Camminò di nuovo verso il soggiorno, dove stava ben piantata una batteria di seconda o forse terza mano, ma che amava come fosse un prolungamento del suo stesso corpo.
Si mise a sedere sul seggiolino, la cui imbottitura veniva fuori da tutte le parti, come la pancia di un vecchio orsacchiotto di peluche. Respirò a fondo, si calò di nuovo le cuffie sulle orecchie e, con un sorrisetto sornione ricominciò a battere sulla grancassa.

Richard Starkey Jr. viveva in una casa a Dingle, chiamato così dagli immigrati irlandesi che vi andarono ad abitare nei primi del novecento, a ricordo di un' idilliaca radura del paese natale. Ma la Dingle di Liverpool era tutt'altro che un'oasi di pace e serenità. Era da sempre stata uno dei quartieri centrali più malfamati e vecchi di tutta la città, abitata in anni passati da operai e artigiani e adesso da famiglie che riuscivano a barcamenarsi alla meno peggio.
Liverpool non era in genere un bel posto dove vivere, questo Ritchie l'aveva sempre pensato. Era una città portuale, vitale in ambito di commerci e scambi, ma era comunque una vitalità tetra, brutale, che lui sentiva non appartenergli appieno.
Molte delle case del suo quartiere erano rimaste quelle della prima metà del '900, alcune ricostruite dopo la guerra, ma comunque delle vere e proprie catapecchie a schiera, con un accenno di cancello sul davanti e una porta che dava sul retro.

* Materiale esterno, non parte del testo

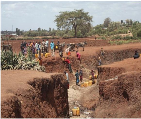
Inventory of local water holes in the Negele area
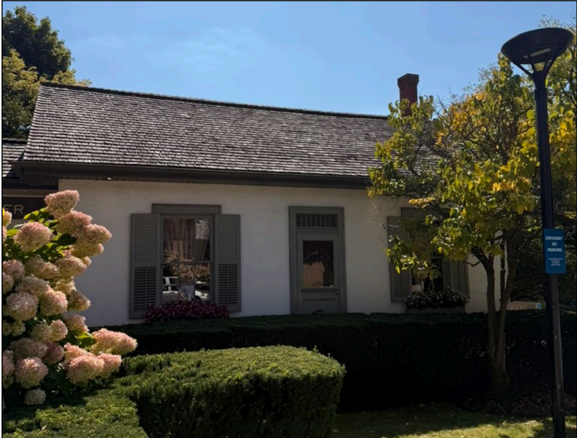
Figure 11. Workers Cottage formerly at 22 John Street, now the western cottage of the two (Alex Corey, September 2025).

Viveva con sua madre Elsie, una donna sempre sorridente e allegra, dalla battuta pronta e una grande forza d'animo.
Era veramente una donna di carattere, una di quelle che sanno benissimo cosa vogliono e sono disposte a tutto pur di ottenerlo, come quel figlioletto, l'unico che avesse avuto e che aveva desiderato così tanto da avere poi una paura folle di perderlo.
Aveva conosciuto il futuro marito, Richard Sr., durante una serata a ballare e aveva capito subito che quello era proprio l'uomo fatto apposta per lei: affascinante, estremamente simpatico, gioviale e di bell'aspetto.
Fu un amore profondo, ma divertente: ad entrambi piaceva spassarsela bevendo tutta la notte di locale in locale.
Decisero di sposarsi quasi subito, perchè entrambi desideravano metter su famiglia e mettere anche un po' la testa a posto. Dopo 3 anni di matrimonio, proprio quando Elsie iniziava ad abituarsi all'idea che non sarebbero mai arrivati dei bambini, rimase incinta e il 7 luglio 1990 mise al mondo Richard Starkey Junior.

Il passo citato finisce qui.